Task :: From the line containing "Римская штора на петлях" down to the line containing "Pierścionek wykonany z", copy out the entries below exactly, both lines included, and nothing else; pictures do not belong in the copy.

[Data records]
····················

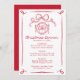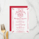 Complete your holiday table with this hand-drawn Christmas dinner menu featuring red illustrations and lettering on a white background. The design showcases a ribbon bow at the top, followed by a festive dinner plate and silverware illustration. “Christmas Dinner” is displayed in a handwritten red script with space below for your custom menu items and date. A flowing red ribbon frame borders the layout, creating an elegant and cohesive look that pairs perfectly with matching invitations from the same collection.
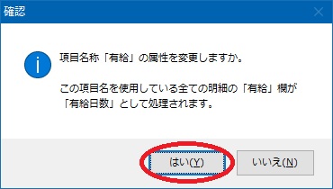 | (4) | 「項目名称「○○」の属性を変更しますか?〜」という確認メッセージが表示されますので、[はい]ボタンをクリックします。 |
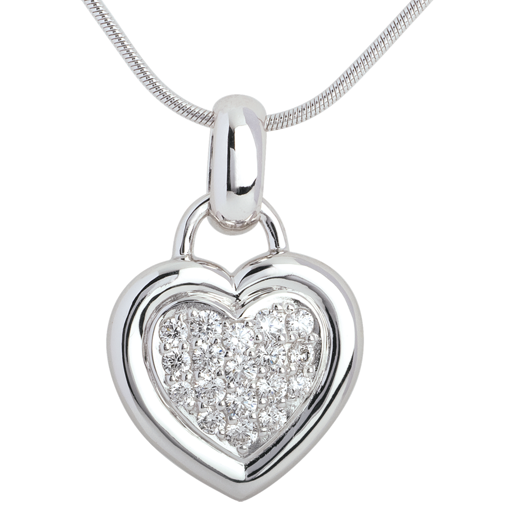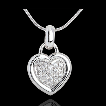 Pandantiv inimă din aur alb de 18K - 0.41 carate - 18 diamante
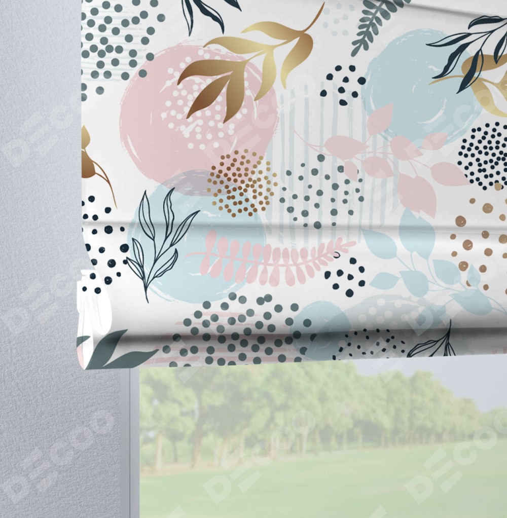 Римская штора на петлях «Точки и листочки»
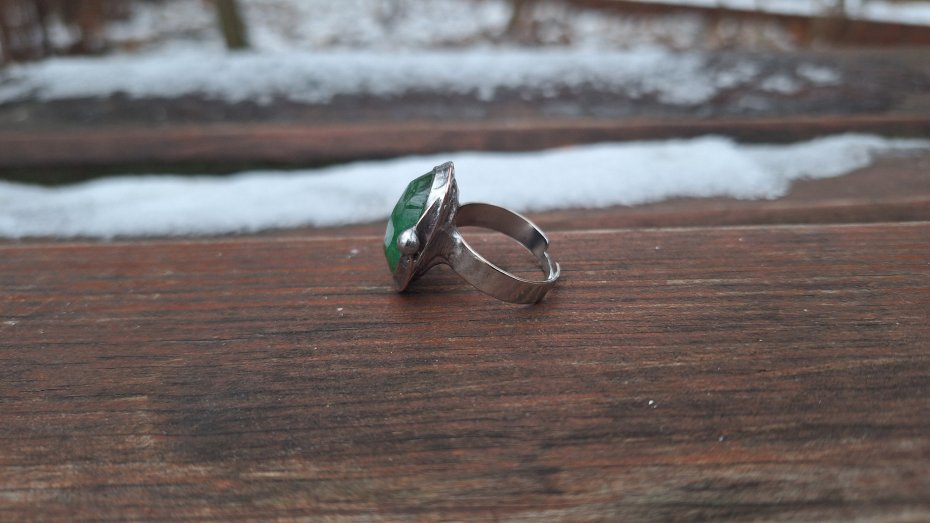 Pierścionek wykonany z miedzi, cyny i fasetowanego szmaragdu. Wymiary ok. 2 na 1.5 cm. Regulowany. Nie jest ciężki.
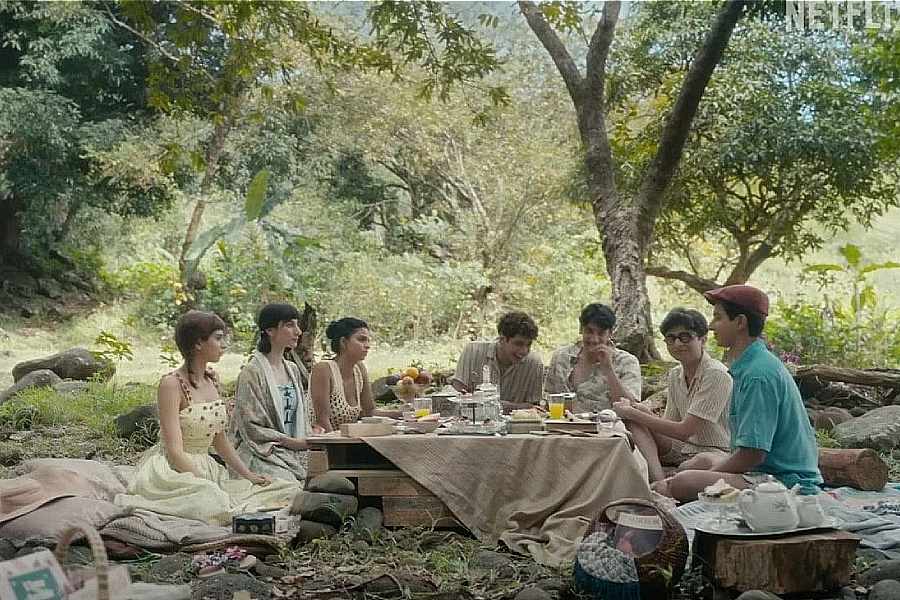 Zoya Akhtar’s 2023 Netflix film The Archies, starring Agastya Nanda, Khushi Kapoor, Suhana Khan, Vedang Raina, Mihir Ahuja, Aditi "Dot" Saigal and Yuvraj Menda, is set in a fictional 1960s hilly town of Riverdale. It offers a quintessential picnic scene, with the best company one can ask for — friends. The scene portrays the joy and camaraderie of being young and free together amidst the beautiful Shimla outdoors. With picnic baskets in tow, the Archies gang take a fun-filled bus ride to a nearby spot with a gorgeous waterfall and lay an elaborate picnic spread of fruit, sandwiches, juice, and dessert platters. They play truth and dare, share delicacies, sunbathe, swim, and share their joy and woes, paying a big homage to the days of youthful idleness.

····················

Finished exercise ::
 Римская штора на петлях «Точки и листочки»
 Pierścionek wykonany z miedzi, cyny i fasetowanego szmaragdu. Wymiary ok. 2 na 1.5 cm. Regulowany. Nie jest ciężki.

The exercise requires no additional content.